We explored the use of reinforcement learning (RL) agents that can learn to perform neural network subgraph transformations, without the need of expertly designed heuristics to achieve a high level of performance. Reducing compute requirements of deep learning models is a focus of extensive research and many systems, optimisations and just-in-time (JIT) compilers have been proposed to decrease runtime. Recent work has aimed to apply reinforcement learning to computer systems with some success, especially using model-free RL techniques. Model-based reinforcement learning methods have seen an increased focus in research as they can be used to learn the transition dynamics of the environment; this can be leveraged to train an agent using the hallucinogenic environment, thereby increasing sample efficiency compared to model-free approaches.

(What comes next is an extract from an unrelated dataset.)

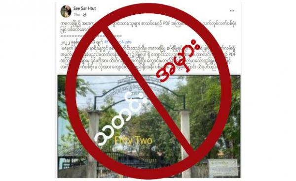ဒီသတင်းအမှားကို စစ်ကောင်စီရဲ့ သတင်းဌာနတစ်ခုဖြစ်တဲ့ Fifty Two News ကရေးသားဖော်ပြထားတာဖြစ်ပြီး See Sar Htut အကောင့်က “မနေ့က ဇွန်လ (၁၆) ရက်နေ့က မနက် ၁၁...

Furthermore, when using a world model as a simulated environment, batch rollouts can occur safely in parallel and, especially in systems environments, it overcomes the latency impact of updating system environments that can take orders of magnitude longer to perform an action compared to simple emulators for video games. We propose a design for a model-based agent which learns to optimise the architecture of neural networks by performing a sequence of subgraph transformations to reduce model runtime. We show our approach can match the performance of state of the art on common convolutional networks and outperform those by up to 5% on transformer-style architectures.